Task directions:
Say how many lines in the following data hold the word "kunt". Write nothing but that number.

═══ Data provided

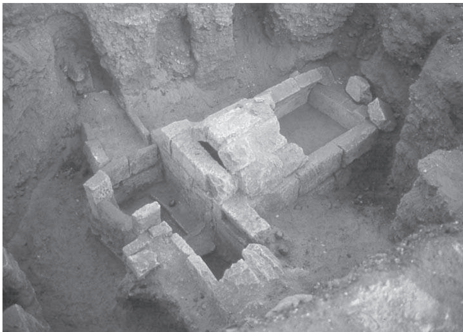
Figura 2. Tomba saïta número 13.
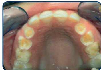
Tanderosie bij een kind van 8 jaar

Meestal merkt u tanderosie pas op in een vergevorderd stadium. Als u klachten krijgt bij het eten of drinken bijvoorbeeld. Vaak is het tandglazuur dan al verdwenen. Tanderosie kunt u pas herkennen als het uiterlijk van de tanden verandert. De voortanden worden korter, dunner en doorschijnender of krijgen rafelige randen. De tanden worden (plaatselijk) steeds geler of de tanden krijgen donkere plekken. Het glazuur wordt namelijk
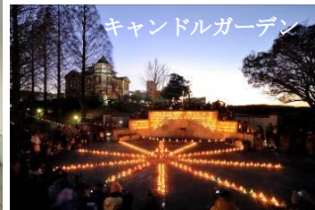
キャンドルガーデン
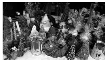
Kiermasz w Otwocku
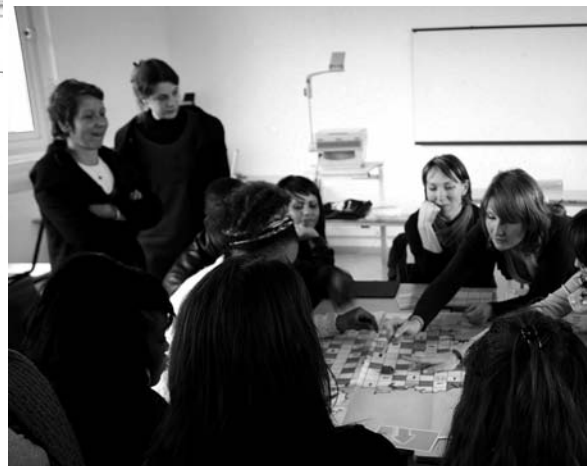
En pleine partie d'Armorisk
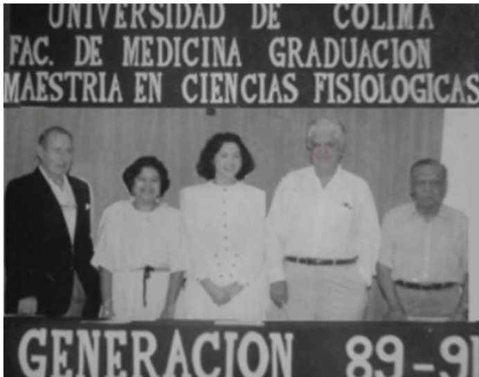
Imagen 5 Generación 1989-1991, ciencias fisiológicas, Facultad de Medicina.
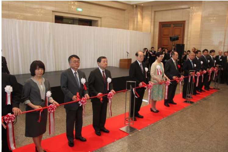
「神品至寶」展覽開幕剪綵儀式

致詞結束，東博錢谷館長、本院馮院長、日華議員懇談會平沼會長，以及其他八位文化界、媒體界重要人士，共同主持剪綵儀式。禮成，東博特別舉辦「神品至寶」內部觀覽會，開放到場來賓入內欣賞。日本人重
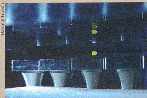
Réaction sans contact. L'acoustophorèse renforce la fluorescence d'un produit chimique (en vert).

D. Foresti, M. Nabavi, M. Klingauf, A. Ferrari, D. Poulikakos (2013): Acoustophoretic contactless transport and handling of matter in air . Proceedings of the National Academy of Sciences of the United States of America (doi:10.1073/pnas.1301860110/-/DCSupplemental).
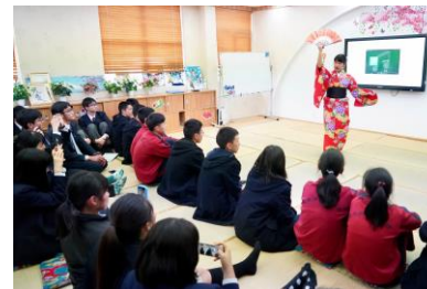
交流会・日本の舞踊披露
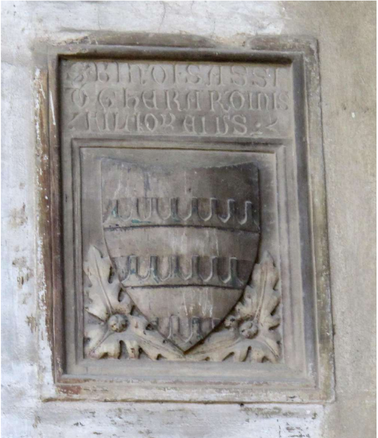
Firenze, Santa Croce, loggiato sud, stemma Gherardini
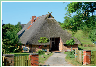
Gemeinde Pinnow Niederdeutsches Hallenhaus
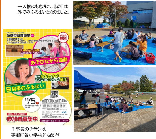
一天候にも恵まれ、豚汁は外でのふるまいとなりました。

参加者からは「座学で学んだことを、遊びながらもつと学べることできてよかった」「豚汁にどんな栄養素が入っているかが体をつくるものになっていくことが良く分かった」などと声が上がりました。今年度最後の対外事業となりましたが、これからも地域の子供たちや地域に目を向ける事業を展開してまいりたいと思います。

══════
═══ Data provided

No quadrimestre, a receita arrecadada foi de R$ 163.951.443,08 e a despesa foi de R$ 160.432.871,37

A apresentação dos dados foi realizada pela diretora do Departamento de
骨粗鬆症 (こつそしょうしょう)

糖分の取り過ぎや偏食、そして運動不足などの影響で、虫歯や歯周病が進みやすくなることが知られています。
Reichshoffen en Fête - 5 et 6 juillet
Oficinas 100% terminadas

══════
═══ Data provided

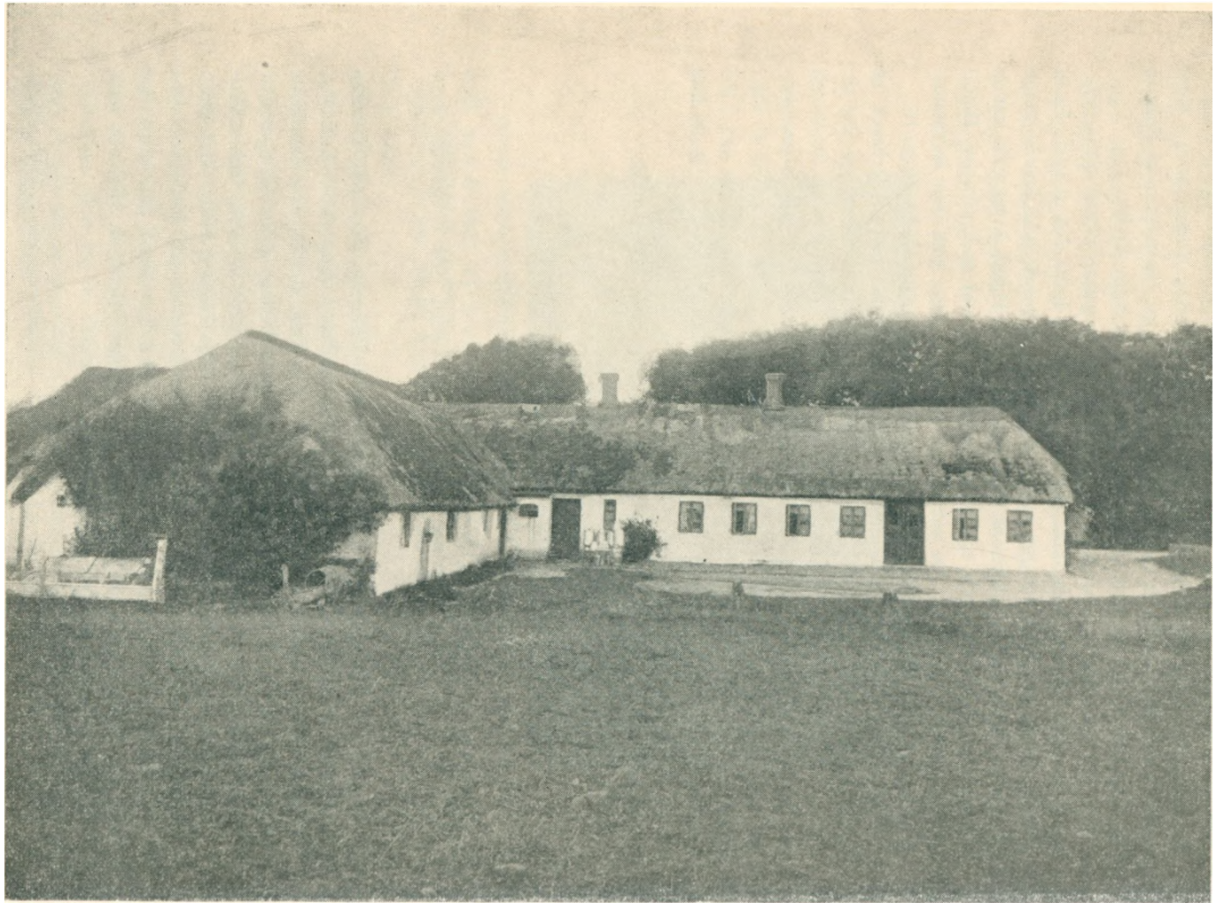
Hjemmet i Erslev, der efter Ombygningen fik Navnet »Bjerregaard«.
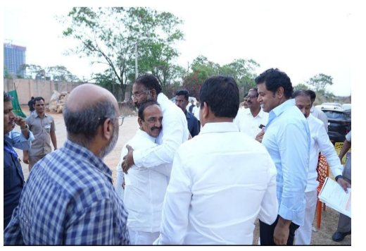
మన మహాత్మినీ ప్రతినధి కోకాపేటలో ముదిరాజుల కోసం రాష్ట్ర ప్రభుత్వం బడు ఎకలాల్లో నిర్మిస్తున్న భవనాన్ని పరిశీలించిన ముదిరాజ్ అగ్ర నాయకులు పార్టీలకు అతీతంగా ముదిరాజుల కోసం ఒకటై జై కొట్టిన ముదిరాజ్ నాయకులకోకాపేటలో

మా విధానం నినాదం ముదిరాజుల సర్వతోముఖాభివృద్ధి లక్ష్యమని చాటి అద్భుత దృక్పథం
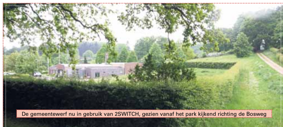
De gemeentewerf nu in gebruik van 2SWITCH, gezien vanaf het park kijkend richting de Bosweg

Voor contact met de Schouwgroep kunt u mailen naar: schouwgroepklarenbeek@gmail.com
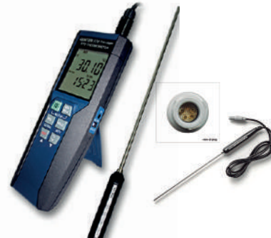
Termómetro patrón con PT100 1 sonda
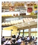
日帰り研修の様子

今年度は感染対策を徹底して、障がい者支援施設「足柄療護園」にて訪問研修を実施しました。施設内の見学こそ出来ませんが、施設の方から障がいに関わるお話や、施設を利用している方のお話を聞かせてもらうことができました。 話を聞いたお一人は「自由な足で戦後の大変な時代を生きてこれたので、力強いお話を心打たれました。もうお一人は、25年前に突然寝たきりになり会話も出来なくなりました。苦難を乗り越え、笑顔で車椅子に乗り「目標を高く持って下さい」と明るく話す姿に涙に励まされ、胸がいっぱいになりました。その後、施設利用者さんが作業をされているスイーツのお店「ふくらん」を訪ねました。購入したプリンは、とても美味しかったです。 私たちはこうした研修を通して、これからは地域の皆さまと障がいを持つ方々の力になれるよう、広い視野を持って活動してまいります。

══════

Solution for this exercise:
2